Repeat every line below exactly, word for word.
Top of Input
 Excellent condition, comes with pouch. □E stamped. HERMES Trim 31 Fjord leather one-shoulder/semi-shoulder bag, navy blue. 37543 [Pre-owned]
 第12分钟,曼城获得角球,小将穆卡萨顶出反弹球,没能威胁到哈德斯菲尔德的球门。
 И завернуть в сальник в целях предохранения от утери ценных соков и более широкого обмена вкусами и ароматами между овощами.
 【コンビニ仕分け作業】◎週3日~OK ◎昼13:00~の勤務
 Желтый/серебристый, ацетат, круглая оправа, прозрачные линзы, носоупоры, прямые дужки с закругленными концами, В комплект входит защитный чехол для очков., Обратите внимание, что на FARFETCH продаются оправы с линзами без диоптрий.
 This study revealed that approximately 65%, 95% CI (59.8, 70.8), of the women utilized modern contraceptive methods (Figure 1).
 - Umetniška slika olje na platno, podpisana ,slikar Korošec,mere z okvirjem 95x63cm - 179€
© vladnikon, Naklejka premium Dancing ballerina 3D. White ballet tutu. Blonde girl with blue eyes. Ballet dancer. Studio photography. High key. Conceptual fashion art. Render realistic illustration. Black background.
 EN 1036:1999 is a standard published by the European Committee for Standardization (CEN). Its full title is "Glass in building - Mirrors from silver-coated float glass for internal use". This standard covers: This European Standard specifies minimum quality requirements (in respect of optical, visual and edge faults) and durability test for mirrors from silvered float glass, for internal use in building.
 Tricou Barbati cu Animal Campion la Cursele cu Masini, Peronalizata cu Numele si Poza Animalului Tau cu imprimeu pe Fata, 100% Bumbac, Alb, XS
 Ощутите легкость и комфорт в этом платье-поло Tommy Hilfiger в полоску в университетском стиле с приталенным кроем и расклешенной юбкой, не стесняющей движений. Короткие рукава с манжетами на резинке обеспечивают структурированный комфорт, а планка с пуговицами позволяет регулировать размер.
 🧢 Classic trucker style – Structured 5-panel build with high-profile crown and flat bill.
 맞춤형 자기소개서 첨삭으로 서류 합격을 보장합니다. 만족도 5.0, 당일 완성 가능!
Bottom of Input
◆ Answer space
 Excellent condition, comes with pouch. □E stamped. HERMES Trim 31 Fjord leather one-shoulder/semi-shoulder bag, navy blue. 37543 [Pre-owned]
 第12分钟,曼城获得角球,小将穆卡萨顶出反弹球,没能威胁到哈德斯菲尔德的球门。
 И завернуть в сальник в целях предохранения от утери ценных соков и более широкого обмена вкусами и ароматами между овощами.
 【コンビニ仕分け作業】◎週3日~OK ◎昼13:00~の勤務
 Желтый/серебристый, ацетат, круглая оправа, прозрачные линзы, носоупоры, прямые дужки с закругленными концами, В комплект входит защитный чехол для очков., Обратите внимание, что на FARFETCH продаются оправы с линзами без диоптрий.
 This study revealed that approximately 65%, 95% CI (59.8, 70.8), of the women utilized modern contraceptive methods (Figure 1).
 - Umetniška slika olje na platno, podpisana ,slikar Korošec,mere z okvirjem 95x63cm - 179€
© vladnikon, Naklejka premium Dancing ballerina 3D. White ballet tutu. Blonde girl with blue eyes. Ballet dancer. Studio photography. High key. Conceptual fashion art. Render realistic illustration. Black background.
 EN 1036:1999 is a standard published by the European Committee for Standardization (CEN). Its full title is "Glass in building - Mirrors from silver-coated float glass for internal use". This standard covers: This European Standard specifies minimum quality requirements (in respect of optical, visual and edge faults) and durability test for mirrors from silvered float glass, for internal use in building.
 Tricou Barbati cu Animal Campion la Cursele cu Masini, Peronalizata cu Numele si Poza Animalului Tau cu imprimeu pe Fata, 100% Bumbac, Alb, XS
 Ощутите легкость и комфорт в этом платье-поло Tommy Hilfiger в полоску в университетском стиле с приталенным кроем и расклешенной юбкой, не стесняющей движений. Короткие рукава с манжетами на резинке обеспечивают структурированный комфорт, а планка с пуговицами позволяет регулировать размер.
 🧢 Classic trucker style – Structured 5-panel build with high-profile crown and flat bill.
 맞춤형 자기소개서 첨삭으로 서류 합격을 보장합니다. 만족도 5.0, 당일 완성 가능!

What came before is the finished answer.